The merged file carries line coverage only. LCOV identifies a function by its
name, and `deno coverage --lcov` can emit several functions with the same name
in one file (a free function and a method, for example), so function and branch
records cannot be merged back together reliably from the fragments alone. Line
coverage is what an IDE uses to colour the gutter, which is what this file is
for.

To download the report for a given commit:

```
gsutil cp gs://commontools-build-artifacts/workspace-artifacts/labs-<commit-sha>.lcov .
```

## Which job collects which coverage

| Job | Runtime (V8) coverage | Authored-pattern coverage |
| --- | --- | --- |
| `pattern-unit-test` | yes | yes (`cf test` with `CF_PATTERN_COVERAGE_DIR`) |
| `pattern-integration-test` | yes | no |
| `pattern-reload-integration-test` | yes | no |

The pattern unit job runs each `packages/patterns/**/*.test.tsx` file through
`cf test` in-process. The two integration jobs run browser-driven `deno test`
files against a running Toolshed server.

## Why the two integration jobs do not set `CF_PATTERN_COVERAGE_DIR`

Adding `CF_PATTERN_COVERAGE_DIR` to `pattern-integration-test` or
`pattern-reload-integration-test` was considered and deliberately not done, for
four reasons.

1. It would do nothing as written. Both jobs run their tests with `deno test`,
   not `cf test`, and `CF_PATTERN_COVERAGE_DIR` is read only by `cf test`. The
   variable would sit in the job's environment unread, which is worse than
   absent because it suggests coverage is being collected when none is.
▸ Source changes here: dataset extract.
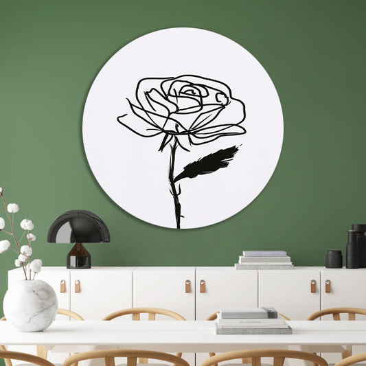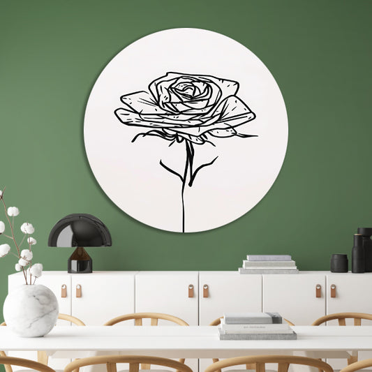 Zwart-witte minimalistische lijntekening van roos forex muurcirkel

2. Making it work would mean crossing a process boundary. These tests run the
   pattern inside a sandbox in a headless browser that talks to a separate
   Toolshed server. The "hit" calls happen in that sandbox, with no in-process
   collector to receive them and write LCOV. Collecting them would require new
   plumbing to carry hit data back across the browser and server boundaries.
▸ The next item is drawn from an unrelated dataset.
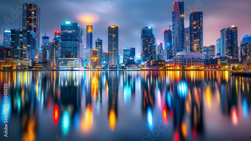 Obraz premium vibrant city skyline at night, with illuminated skyscrapers reflecting in a...

3. It would weaken the pressure the gate puts on test quality. The coverage-debt
   gate currently rewards focused pattern unit tests, which run in-process,
   assert on results, and are fast. If broad end-to-end flows counted toward
   pattern coverage, the gate could be satisfied by incidental execution in an
   integration test that asserts little, so coverage debt would fall without the
   matching rise in verification strength.

4. It would distort the gate's numbers through the accounting artifact described
   above. Crediting integration runs would flip many pattern files from the
   full-file denominator to the narrower instrumented-statement denominator, so
   reported debt would drop for reasons unrelated to new testing.

The net effect on metric quality is that crediting integration runs would trade
a smaller, bounded source of false negatives for a larger source of false
positives and a less faithful, more gameable gate.

## Known limitations and possible future work

- False negatives exist today. A pattern line that only an integration test
  exercises is counted as uncovered, because no integration job collects pattern
  coverage. This understates true coverage for the patterns that are reachable
  only through end-to-end flows. The trade is deliberate: the alternative above
  inflates the numbers more than this understates them.

- The record-versus-no-record denominator difference is a pre-existing property
  of the gate, not specific to integration jobs. If pattern coverage is ever
  expanded, normalizing the denominator (always scoring a pattern file against
  the same line set whether or not it has a record) would make the numbers
  easier to trust.

## Related documentation

- [TESTING.md](TESTING.md) — how to run the test suites whose execution this
  coverage is measured from.
- [CI_PERFORMANCE.md](CI_PERFORMANCE.md) — the coverage-debt baseline and ratchet
  markers (`NEW_PERF_BASELINE` and `NEW_COVERAGE_BASELINE`) that gate a pull
  request on the metrics described here.
- [../common/workflows/pattern-testing.md](../common/workflows/pattern-testing.md)
  — writing the pattern unit tests that the `pattern-unit-test` job runs through
  `cf test`, which is the only source of authored-pattern coverage.